Le poste que M. Negroponte aura occupé moins de vingt mois a été créé à reculons par la Maison Blanche, début 2005, sous la pression du Congrès et de la commission d’enquête sur le 11-Septembre. Il s’agissait de contraindre seize bureaucraties minées par les rivalités - et disposant d’un budget de plus de 40 milliards de dollars - à travailler ensemble. Manifestement, M. Negroponte, en dépit de son autorité et de sa grande connaissance du fonctionnement de la machine administrative, n’y est pas parvenu.
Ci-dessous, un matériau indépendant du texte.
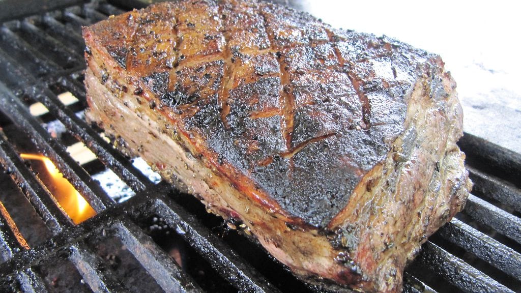 Tee kyljen rasvakerrokseen ristiviiltoja. Valele liha oliiviöljyllä ja ripottele päälle fenkolisiemenmurskaa, valkosipulinkynsisiivuja ja chilirouhetta maun mukaan. Anna marinoitua viileässä yön yli tai vähintään pari tuntia. Ota liha tuntia ennen grillausta huoneenlämpöön. Viritä grilli kuntoon ja grillaa lihaa aluksi rasvakerros alaspäin. Kääntele lihaa välillä ja varo, mikäli tihkuva rasva syttyy tuleen. Grillaa lihaa vartin verran, kunnes saat kauniit raidat ympäri kimpaletta.

Le désarroi des renseignements américains est particulièrement net à la CIA (Agence centrale de renseignements). Il y a sept mois, son directeur, Porter Goss, était remercié et remplacé par l’amiral Michael Hayden après avoir provoqué une révolte des agents et le départ des plus expérimentés. Ces derniers refusaient de porter la responsabilité de la non-découverte d’armes de destruction massive en Irak ou de la mise en place des prisons secrètes. James Pavitt, ancien directeur adjoint du service action, ne se souvient pas d’avoir jamais vu une telle "animosité" entre la CIA et le gouvernement.

Le vice-président Dick Cheney et l’ancien secrétaire à la défense, Donald Rumsfeld, sont des adversaires historiques de l’agence. Sous l’impulsion de M. Rumsfeld, l’armée a renforcé ses services de renseignement, marchant sur les plates-bandes des civils et utilisant ses forces spéciales pour mener des opérations clandestines d’espionnage dans le monde. Le Pentagone s’était même doté, après le 11-Septembre, de son service d’analyse, le Bureau des plans spéciaux, qui a beaucoup servi à justifier la guerre en Irak, avant d’être dissous.

L’arrivée de Robert Gates à la tête du département de la défense et celle d’un de ses proches, Michael McConnell, au poste de directeur national du renseignement devraient améliorer la situation. Mais beaucoup de temps a été perdu par la Maison Blanche. M. Negroponte estimait lui-même qu’il faudrait des années pour reconstruire les capacités opérationnelles des services, et notamment de la CIA. Comme l’écrit le New York Times du 5 janvier, "les erreurs faites par cette administration en Irak ne sont égalées que par celles commises dans le domaine du renseignement".